Information provided:
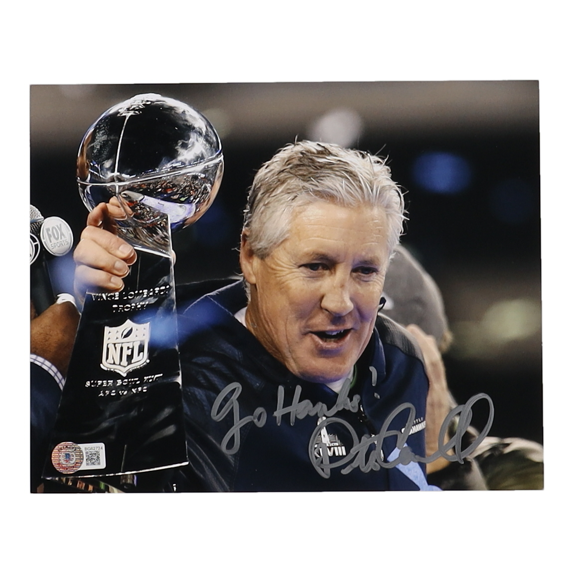 Photo measures 8" x 10" in size and has been hand-signed and inscribed by Pete Carroll (Seattle Seahawks).
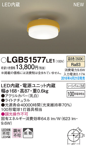 PANASONIC ¥Ñ¥Ê¥½¥Ë¥Ã¥¯ ¥·¡¼¥ê¥ó¥°¥é¥¤¥È LGB51577LE1
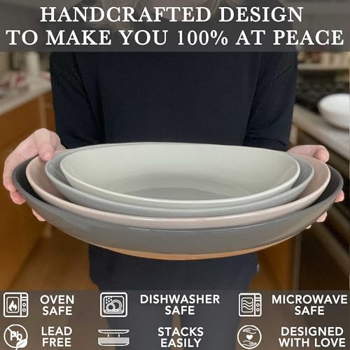 Modern neutral ceramic oval serving platters, set of 2 (55/35 oz). Oven & dishwasher safe. Ideal for dinner, fruit, salad, turkey.
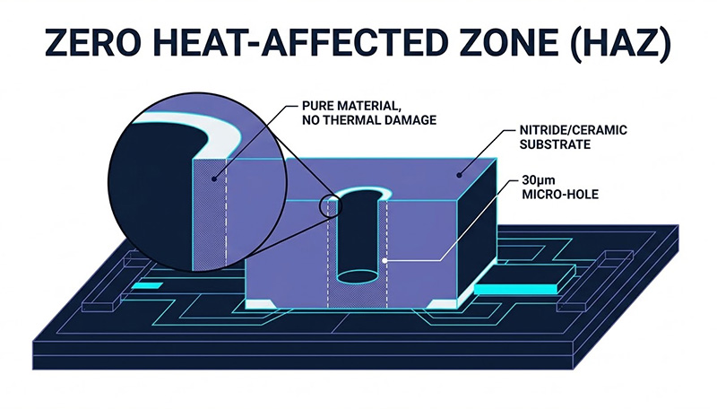 在現代超高密度探針卡的製造中,需要在厚度達一毫米的氮化矽(Silicon Nitride)或精密陶瓷基板上,鑽出直徑僅三十微米、且排列極度密集的微孔(深寬比超過三十比一),最新的規範不僅要求孔徑的絕對精度必須控制在正負一微米以內,更對「孔壁垂直度(Verticality)」與「錐度(Taper)」下達了嚴格的限制。

Exercise requirements: Where the material above includes pictures, omit them and retype everything else exactly.

Reply to the task:
 Photo measures 8" x 10" in size and has been hand-signed and inscribed by Pete Carroll (Seattle Seahawks).
 PANASONIC ¥Ñ¥Ê¥½¥Ë¥Ã¥¯ ¥·¡¼¥ê¥ó¥°¥é¥¤¥È LGB51577LE1
 Modern neutral ceramic oval serving platters, set of 2 (55/35 oz). Oven & dishwasher safe. Ideal for dinner, fruit, salad, turkey.
 在現代超高密度探針卡的製造中,需要在厚度達一毫米的氮化矽(Silicon Nitride)或精密陶瓷基板上,鑽出直徑僅三十微米、且排列極度密集的微孔(深寬比超過三十比一),最新的規範不僅要求孔徑的絕對精度必須控制在正負一微米以內,更對「孔壁垂直度(Verticality)」與「錐度(Taper)」下達了嚴格的限制。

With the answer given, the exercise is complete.